In one flip in Brewerytown, speculators paid $6,000 for a lot, then resold it five days later for $127,000. A parcel in Ludlow resold in three weeks for a $117,500 markup. One in Yorktown was bought and resold on the same day for a gain of $80,000.

Partners Bryheim Murray and Kyle Easley bought the property where a rowhome is now rising at 627 W. Oxford St, in North Philadelphia. They bought it for $37,500 from an estate and resold it for $155,000 just 19 days later. One of the heirs said it was sold despite her opposition.
Partners Bryheim Murray and Kyle Easley bought the property where a rowhome is now rising at 627 W. Oxford St, in North Philadelphia. They bought it for $37,500 from an estate and resold it for $155,000 just 19 days later. One of the heirs said it was sold despite her opposition.Read moreDAVID MAIALETTI / Staff Photographer

Harry and Lorraine Norris thought they were lucky when a stranger called with surprising news: Lorraine stood to inherit two lots in North Philadelphia, and some real estate investors wanted to buy them.
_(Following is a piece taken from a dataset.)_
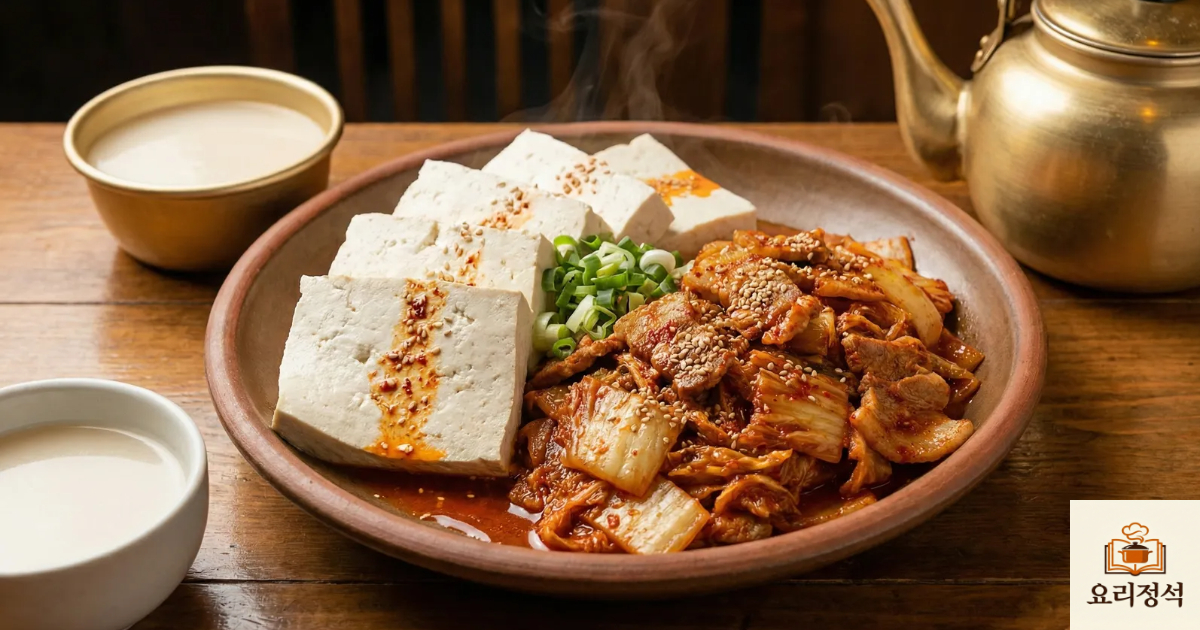 두부김치는 단순히 볶은 김치와 데친 두부를 곁들이는 요리가 아닙니다. 오래된 김치 속의 과도한 유기산을 어떻게 다스리느냐, 그리고 돼지고기 특유의 지방산 산패취를 어떻게 마스킹(Masking)하느냐가 요리의 격을 결정합니다. 본 포스팅에서는 2,500자 이상의 정밀 데이터를 통해, 신맛은 감칠맛으로 변환하고 고기의 풍미는 응축하는 조리 과학적 표준 공정을 정리해 드립니다.

The Norrises pocketed $14,000 from the deal.

The team that bought the land did better.

Four days after paying the Norris family, speculators Bryheim Murray and Kyle Easley resold the lots — for $144,000.

The Norrises didn’t know about the flip earlier this year until a reporter visited them recently. When told, Harry pantomimed shooting himself in the head with two guns. His wife said: “It’s a shame they are doing that to people.”

Murray and Easley have done it over and over.

Their deals include such mind-boggling flips as a sale in Brewerytown, in which they paid $6,000 for a lot, then resold it five days later for $127,000. Or the parcel in Ludlow they resold in three weeks for a $117,500 markup. The one in Yorktown they bought and resold on the same day for a gain of $80,000.

The pair are among the most active players in a loosely affiliated band of speculators who have found a new way to do something the City of Philadelphia often fails at: taking control of long-abandoned properties and putting them back on the market. The flips are also the latest example of the age-old practice of exploiting the poor and poorly informed.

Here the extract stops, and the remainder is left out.